● ASSIGNMENT
Please transcribe only the lines that run from the line bearing "Thick Gold Chain" to the end of the entries, keeping both end lines. Skip the pictures.

● PROVIDED INFORMATION
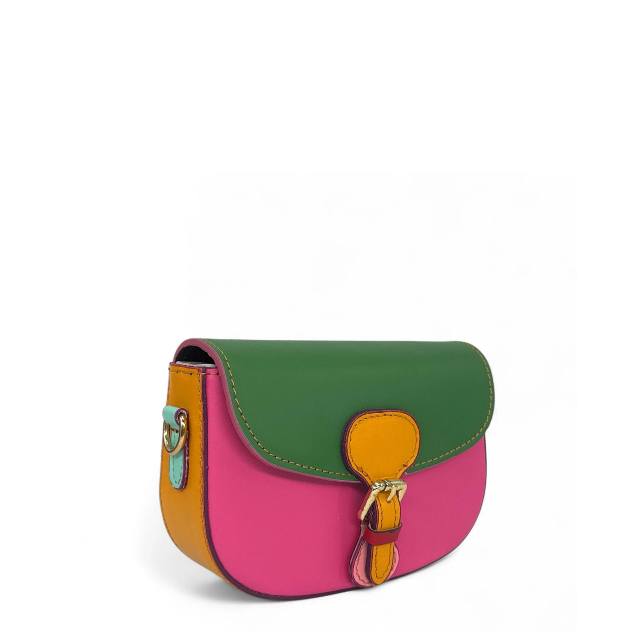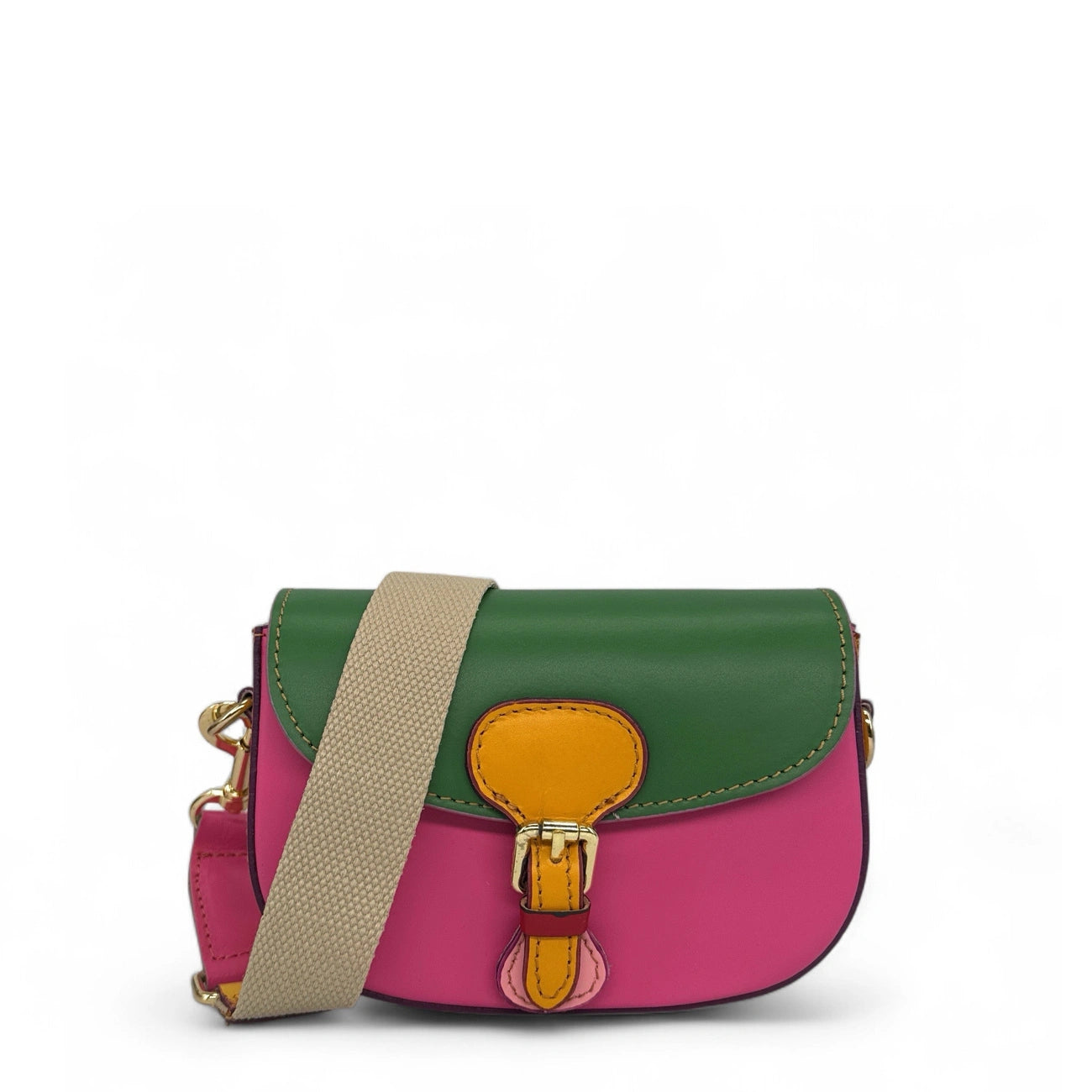 Mini-sac en cuir lisse MINI MADDY Vert anglais, Fuchsia et Taupe
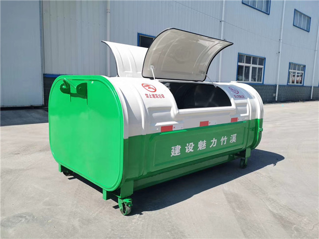 垃圾箱體外形尺寸2000x1500x1000(長*寬*高)。外觀:垃圾箱造型美觀大方,整體與環境協調,顏色選配天藍色、軍綠色、紅色。;垃圾箱蓋采用手柄開啟及腳踏板開啟機構,有效防雨。通過踩下或松開踏板,實現上蓋的開啟和關閉,同時上蓋設有打開抓手,人性化設計,便于垃圾的存放及密封。
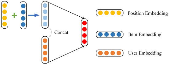 To make full use of the hidden layer information in user representations, we choose to add it to the Transformer layer for joint learning. The vector combination process is shown in Figure 3. First, add the item embedding and the position embedding to obtain . Then, is spliced with the user embedding u and linearly transformed to obtain the final input embedding for the model.
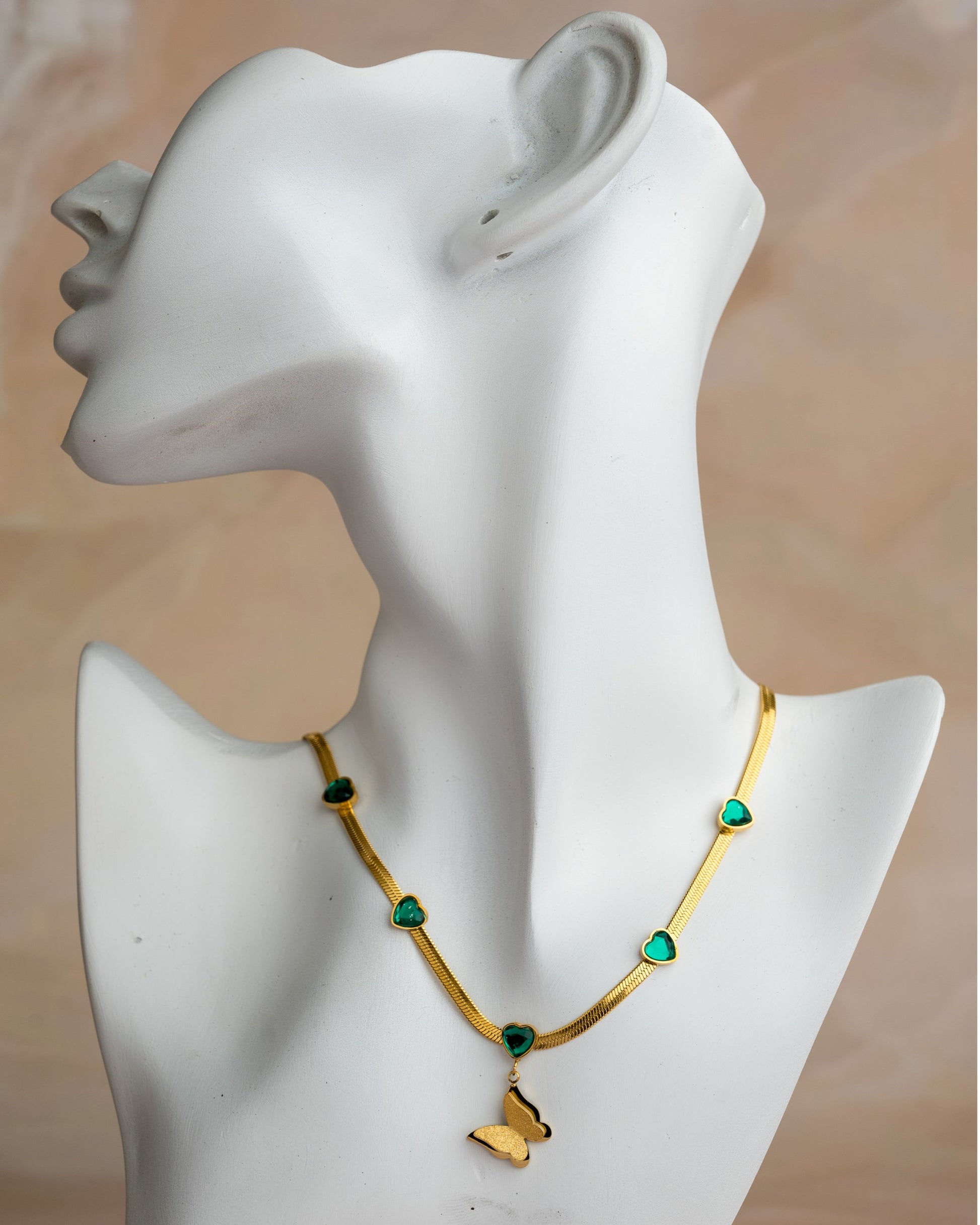 Thick Gold Chain With Green Stone & Gold Butterfly
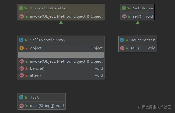 在案例中,SellHouse为接口,定义销售房屋方法,而HouseMaster则为销售房屋的房主,SellProxy为销售代理,由销售代理对房主的销售进行代理并增强。
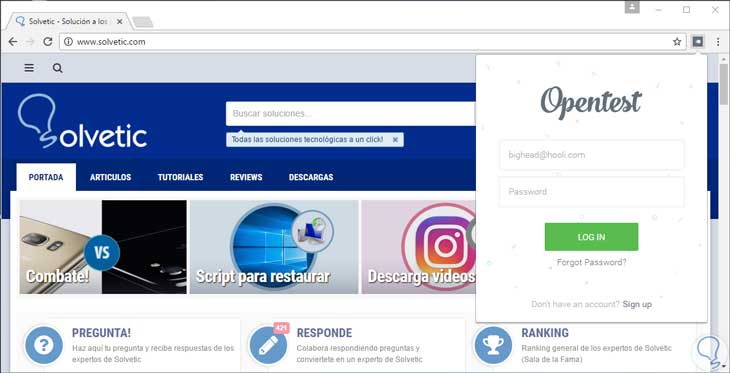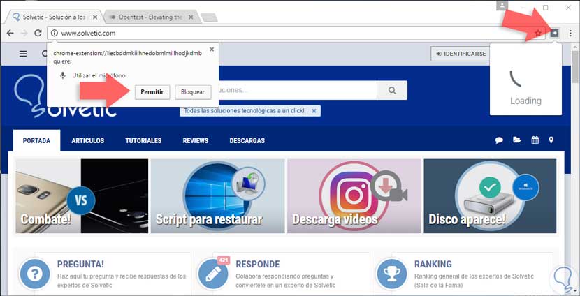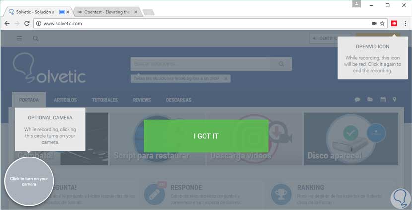 Para usar la extensión Openvid vamos a abrir la página web que deseamos grabar, en este caso solvetic.com, y pulsaremos el icono respectivo a la extensión Openvid. Veremos que se abre la siguiente ventana.

● RESPONSE TO THIS TASK
 Thick Gold Chain With Green Stone & Gold Butterfly
 在案例中,SellHouse为接口,定义销售房屋方法,而HouseMaster则为销售房屋的房主,SellProxy为销售代理,由销售代理对房主的销售进行代理并增强。
 Para usar la extensión Openvid vamos a abrir la página web que deseamos grabar, en este caso solvetic.com, y pulsaremos el icono respectivo a la extensión Openvid. Veremos que se abre la siguiente ventana.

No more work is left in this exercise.